Images come back to me. Vividly. Flash, crackle, bang.
With Some Slight Variations
I write poems and (sort of) stories.
You play classical and jazz piano.
“In writing vision, or zoning out, is inside my head” I say.
“In piano the music takes me outside my head” you say.
For us, writing and piano playing continue.
I like classical concerts. You love classical concerts.
Classical concerts are cancelled for the time being.
I like theater. You like theater.
Theater is cancelled for the time being.
I read. You read. Whatever comes our way.
We all love reading. For us bring it on.
Reading continues indefinitely.
I do QiGong. You do yoga.
Exercise continues indefinitely.
I like news and light/dark mystery episodes.
You like news and light/dark mystery episodes.
Telly does saves us. It continues indefinitely.
You take Sage classes. I don’t take classes.
I , six months in casita, plus masks.
You, six months in condo, plus masks.
I say, “Shit!” You say, “Expletive!”
Writing and reading are keeping me sane.
Piano and reading are keeping you sane.
We have slight variations. We like those variations.
I, determination. You, courage. Is there something else?
Anyway, we say onward.
Text Message
You: What is word retrieval? Do you mean you’re trying to remember a word?
Me: Strokes create aphasia. Word retrieval comes when you remember only one or two things. Then it is blankness. You have to drag it out of your word retrieval system. Or not. You get anxious. Maybe impossible. Say, clothes or types of plants or fruits or women’s names or emotions, etc. You name it. You know? Sometimes I’m full of words; sometimes I’m blank. Sorry. I run on.
You: That’s what I thought. Some days are worse than others.

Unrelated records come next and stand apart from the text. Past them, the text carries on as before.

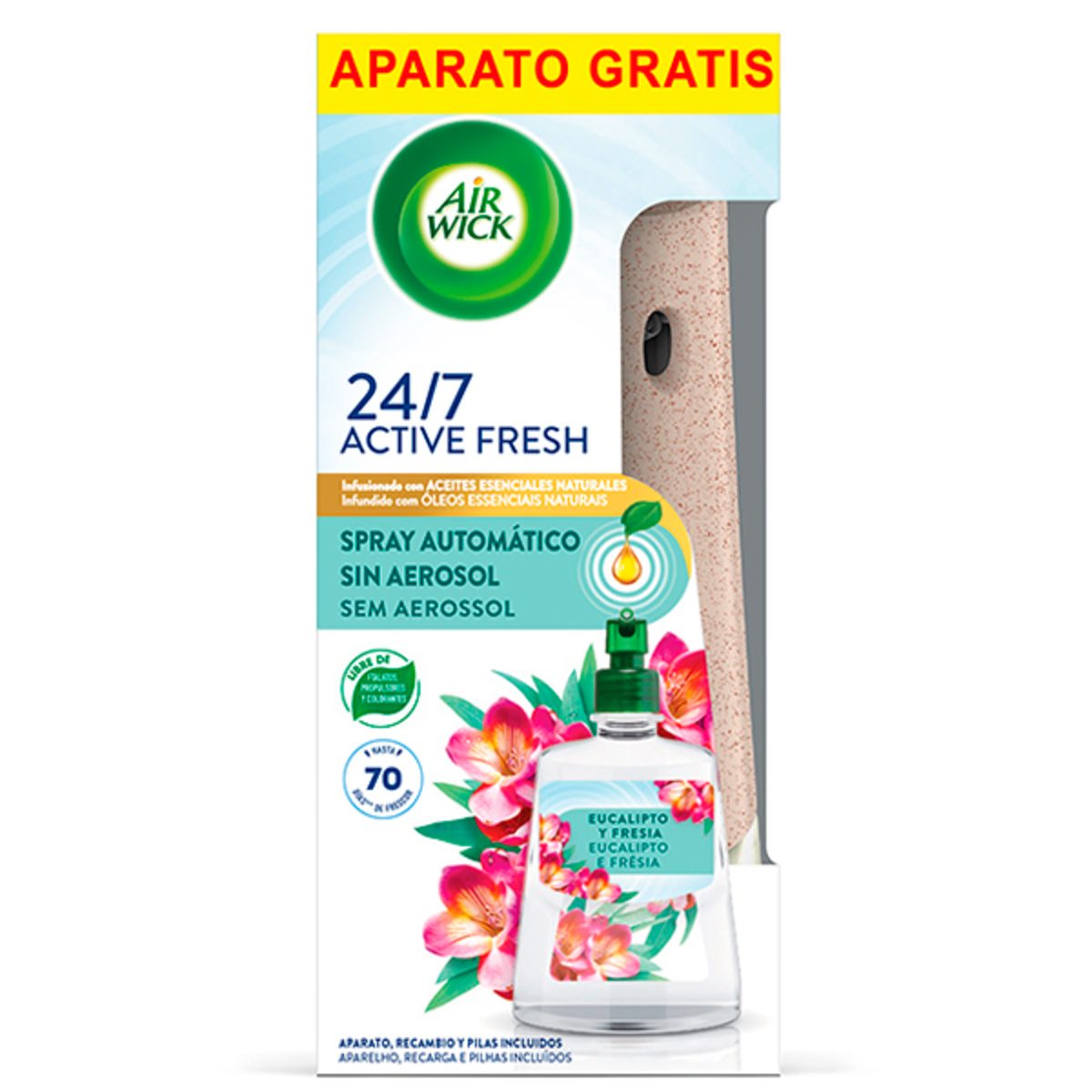 Ambientador automático que proporciona un aroma fresco y agradable, eliminando olores desagradables y mejorando la calidad del aire interior. Este recambio de 228 ml combina la frescura del eucalipto con la dulzura de la fresa, ideal para quienes buscan un ambiente ligero y perfumado. Su uso es práctico y continuo, ya que se integra con un dispositivo especializado que libera el aroma a intervalos regulares. Con aceites esenciales naturales en algunas variantes, este ambientador asegura un aroma duradero y refrescante, contribuyendo a un entorno más placentero.
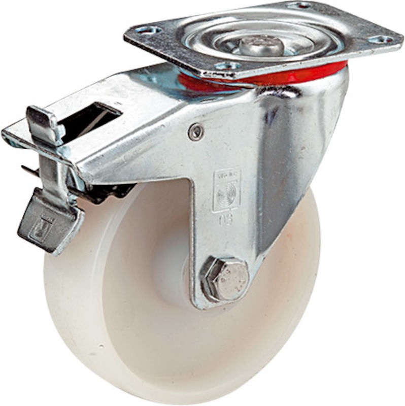 Polyamidhjul, hus av stålplåt, ØxB 100x38 mm, broms, rullager, max 180 kg. Länkhjul med glidlager eller rullager. Underhållsfritt hjul med lätt gång. Nötningstålig, håller länge. Till stor del beständigt mot många utspädda syror och alkalier. Temperaturbeständigt från –20 °C till +80 °C. Hus av stålplåt, galvaniserat-kromat. Styrspindel med dubbel kulkrans, styrspindelskydd.
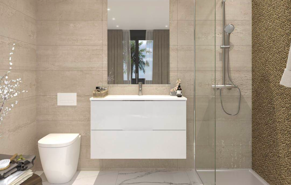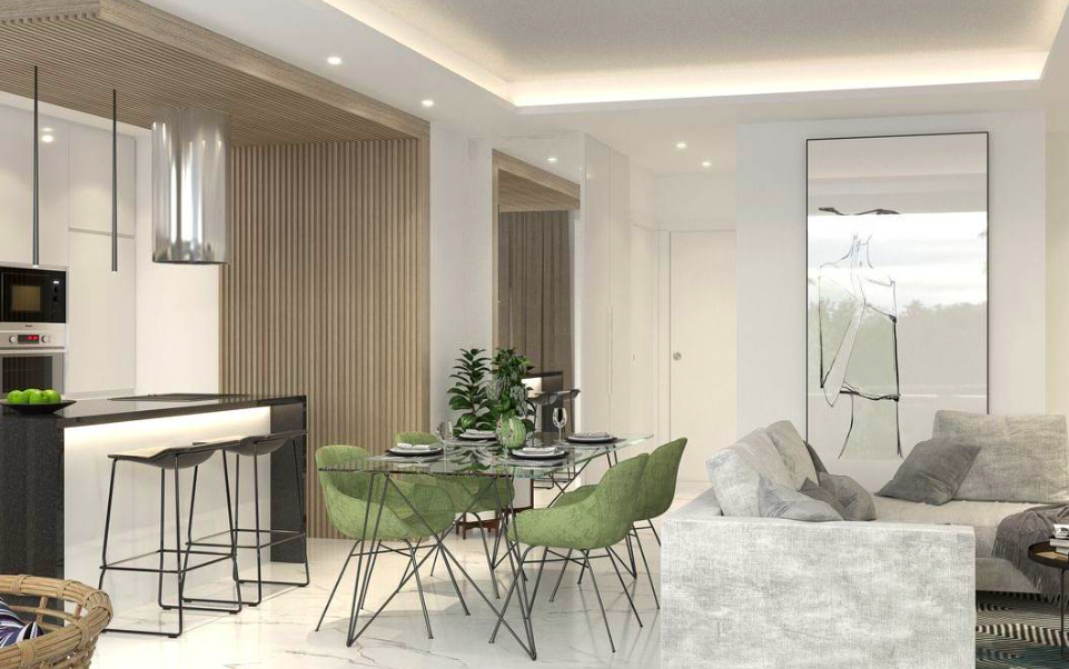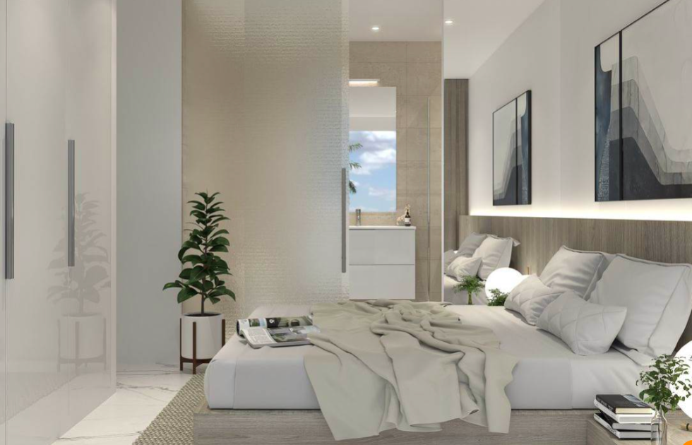 This development consists of maisonettes with two bedrooms and two bathrooms with either ground floors with gardens or top floor with rooftop solariums. Each property is spacious and bright and includes PVC windows with electric shutters, security doors, pre-installation of air conditioning through ducts, kitchen furniture, and appliances as well as bathrooms complete with furniture, shower screen, and under floor heating.
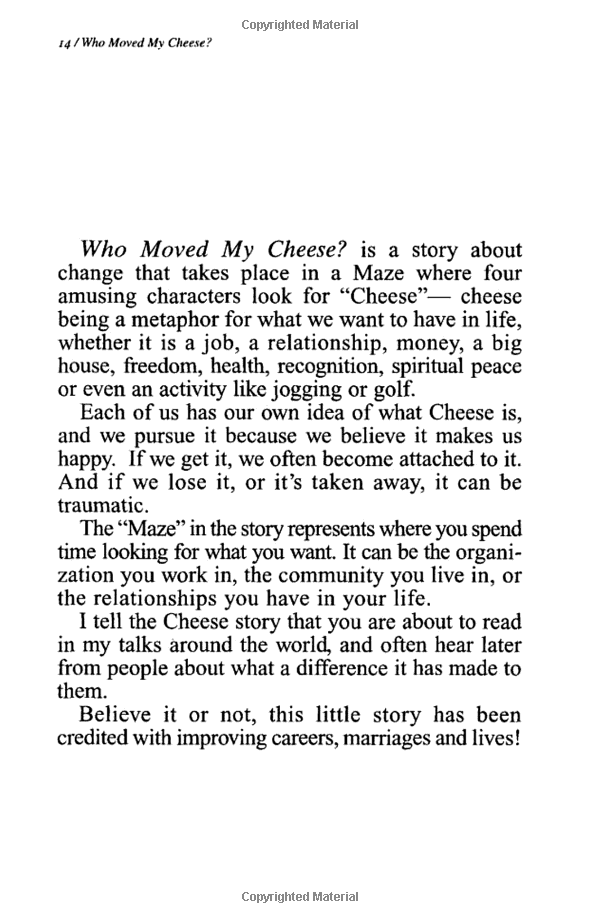 Who Moved My Cheese? is an amusing and enlightening story of four characters who live in a maze and look for cheese to nourish them and make them happy. Cheese is a metaphor for what you want to have in life - whether it is a good job, a loving relationship, money or a possession, health or spirital peace of mind. And the maze is where you look for what you want - the organisation you work in, or the family or community you live in.
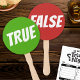 True false game signs fans. True on one side and False on the other. Ideal for quizzes and fun games. Easy to read fun paddles for idea for interactive pop quizzes, pub quizzes and check in questions and fun consensus hand boards.
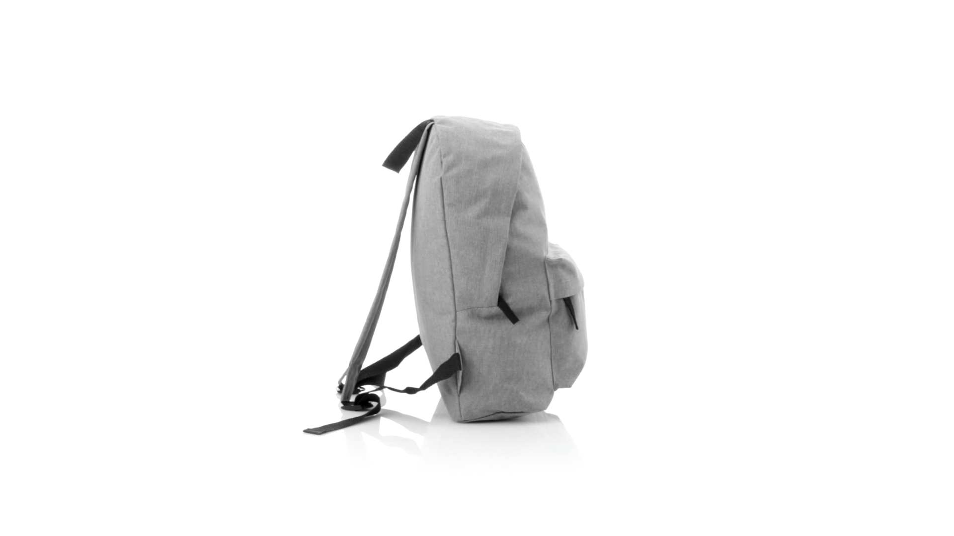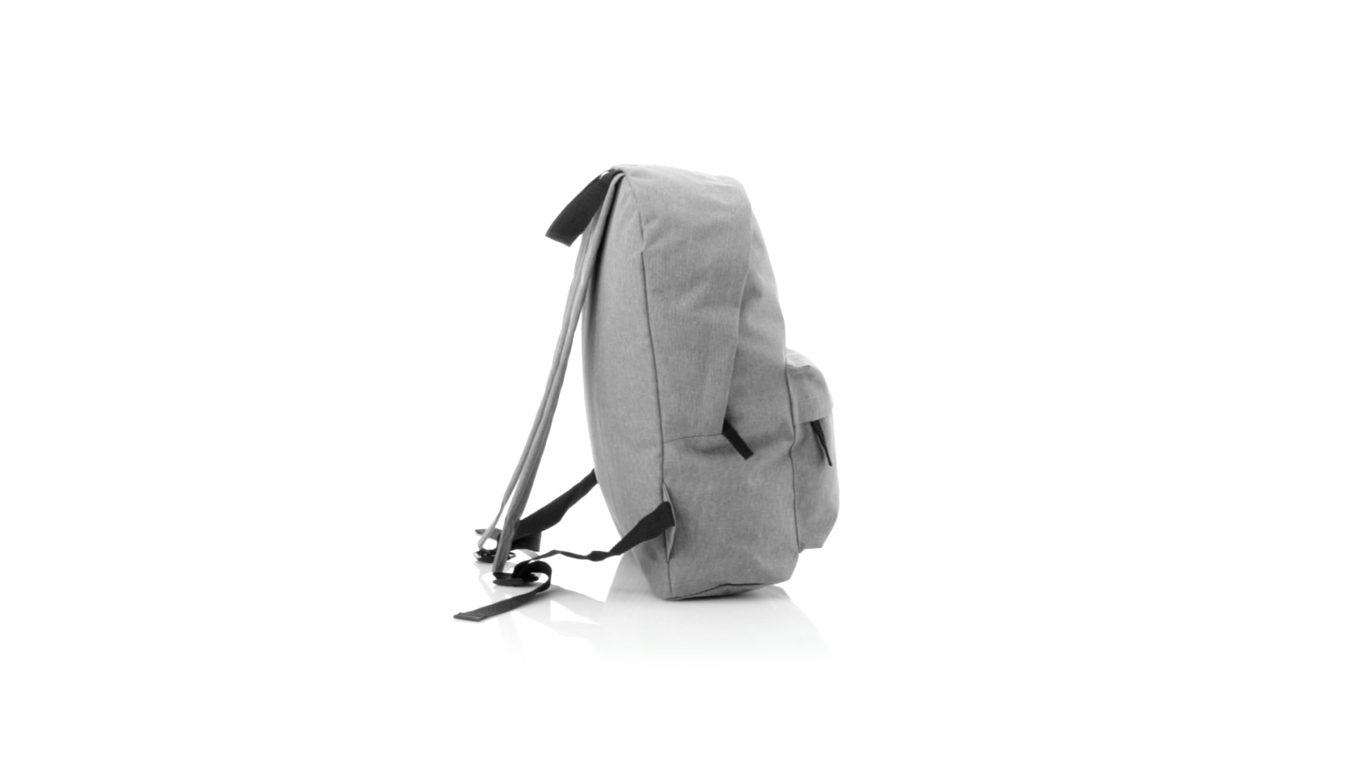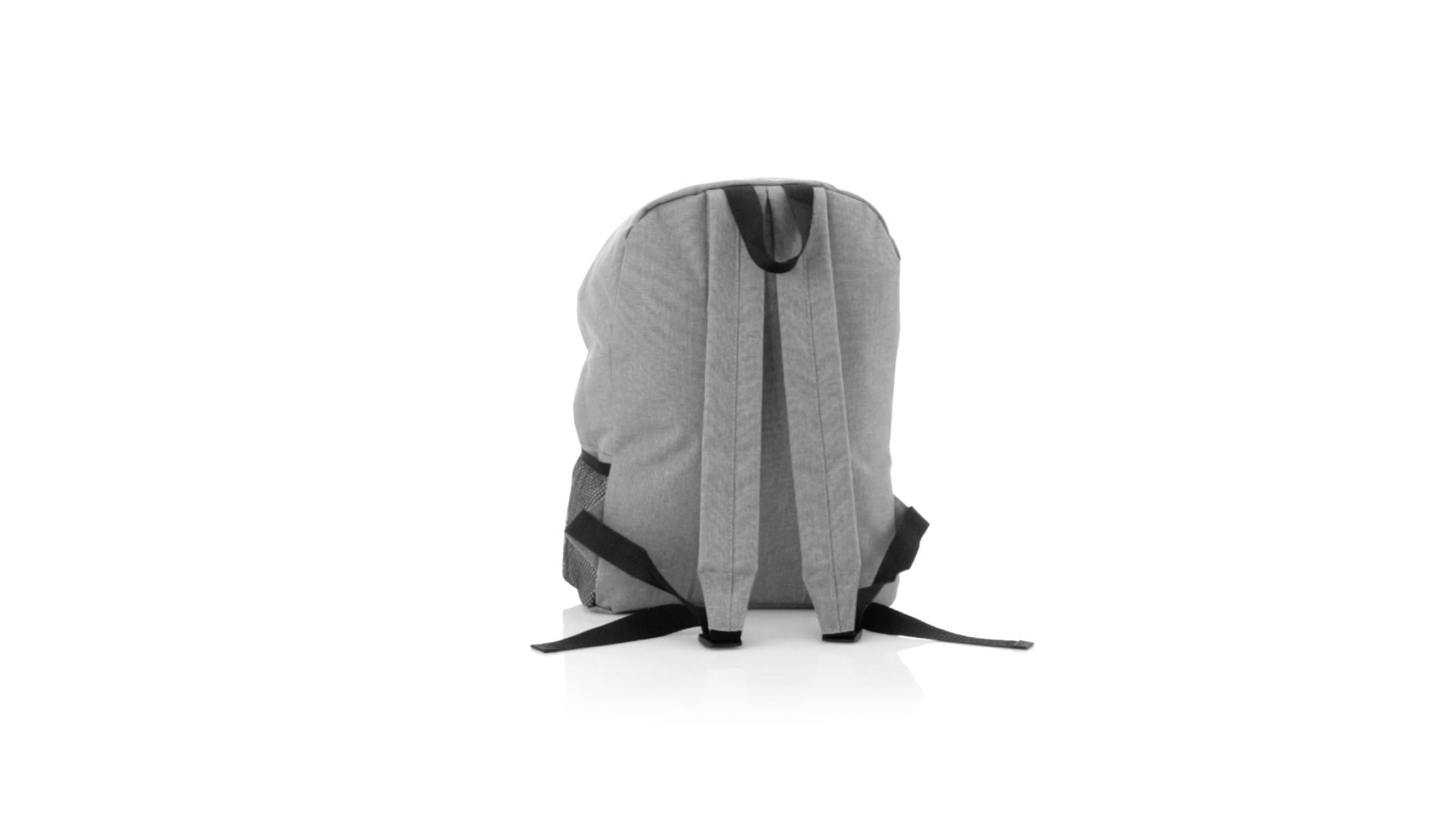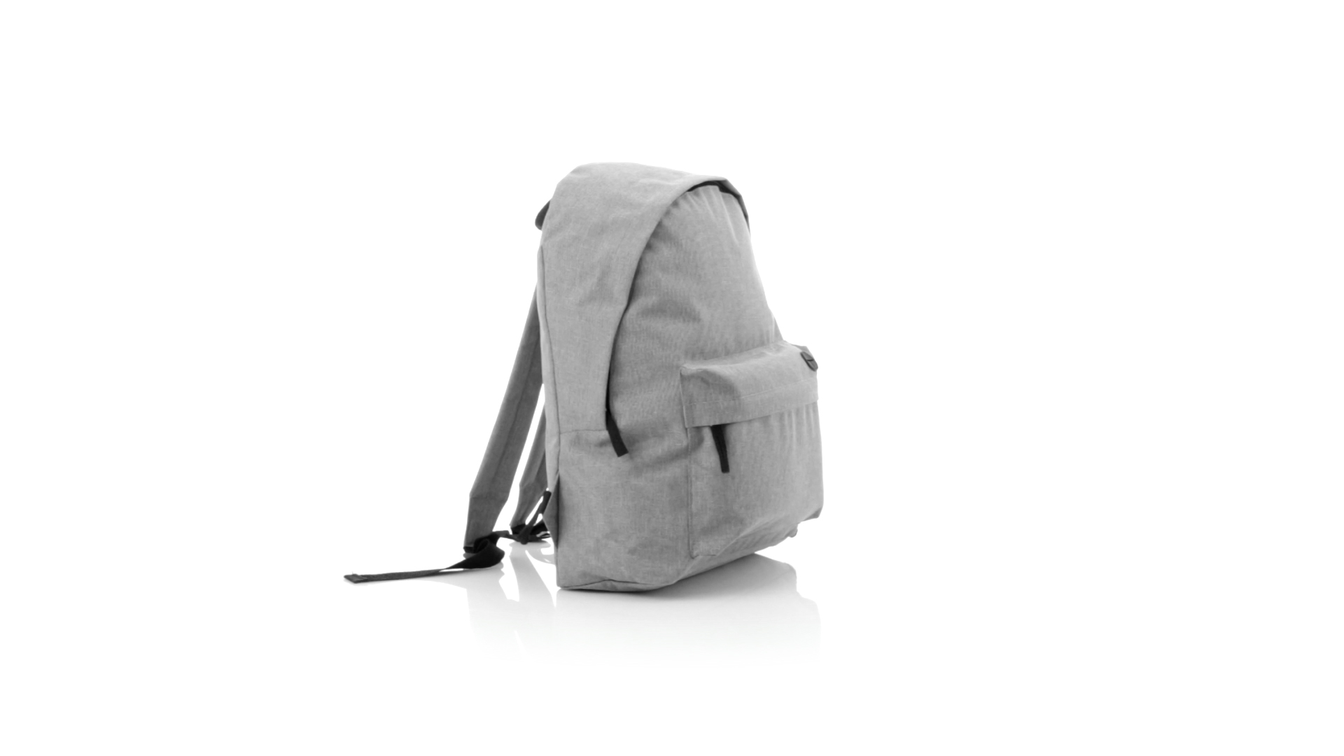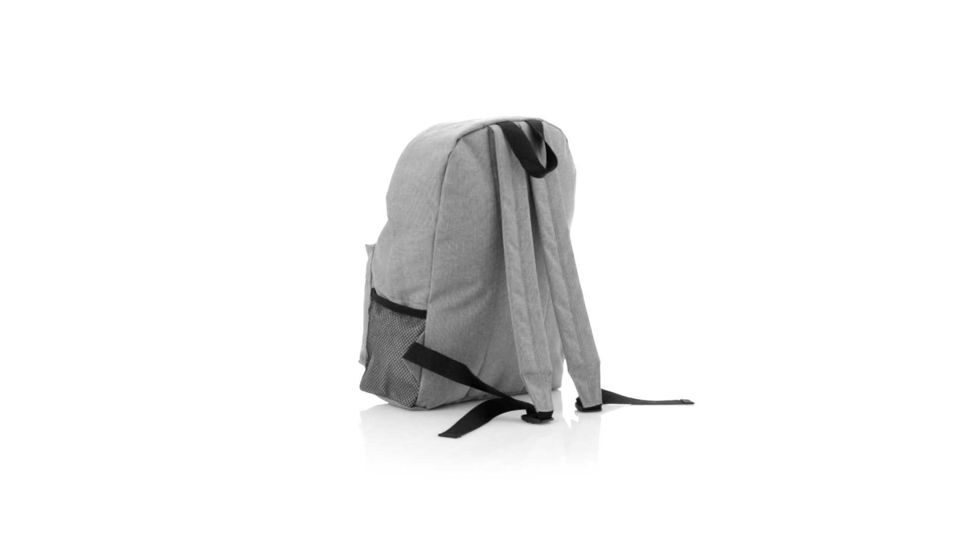 Rucksack aus elegantem 600D Polyester in Grau mit gepolstertem Rückenpanel und Schultergurten mit Polsterung. Aussentasche mit Reissverschluss, Kopfhörerausgang und praktische, elastische Netztasche an der Seite.
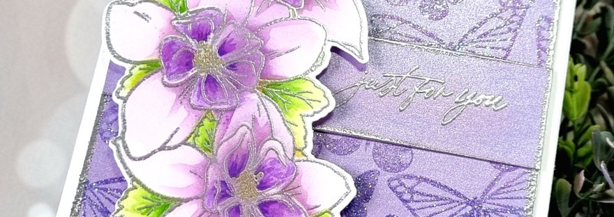 In the second card I used the Fluttering Butterflies bold print cling stamp. I used a combination of different reactive inks from the Floral Palette reactive ink cube set, Thistle at the top, Grape Slush for the middle and Purple Galaxy at the bottom. After stamping it, I stamped it again with embossing ink and this time I used the Sparkle embossing powder for that shimmery look..
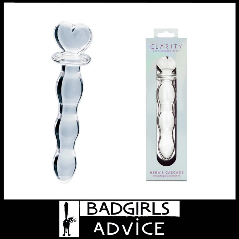 Hera’s Cascade is a 15 cm (5.9-inch) glass dildo with a sculptural heart-shaped handle, designed for elegance, control, and deeply satisfying stimulation.
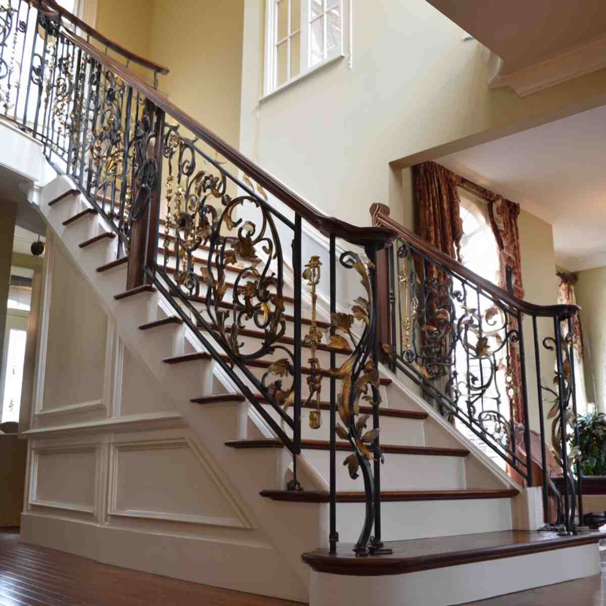 Wrought iron decorative handrails bring a touch of elegance and intricate artistry to any staircase. They are essential Staircase Handrail Design Ideas for homes that want a classic or vintage aesthetic.
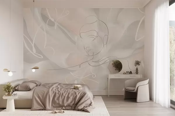 Valokuvatapetti Floral abstraktio Buddha viiva piirustus, beige värit Nr w04004
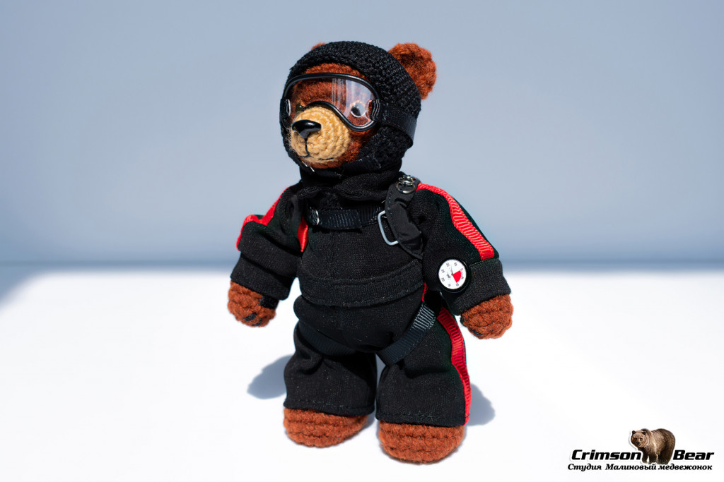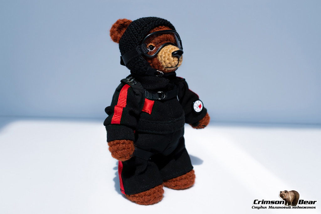 Мишка парашютист в черно-красном комбинезоне и с черно-красным ранцем.

Me: Definitely! Particularly when you have something to say to a close friend or family. Jen for example. I like to wait until Sandy is in the kitchen, and I can speak to Jen alone. She is willing to wait while I get ready to say something to her. And I make myself tell her in speech. Halting. That’s why writing on the cell phone is easier. Infinitely easier.
You: Yes, I figured that out. How frustrating for you! You do make yourself understood though, and that’s a good thing. You just need a patient listener.
Me: Yup, I need a patient listener. But I need a compatriot. Who learns how to listen. But, even more, learns to talk in an interesting way, a unique way, a fascinating way to me. A fuck or damn way. That’s the reason that I call and text every day.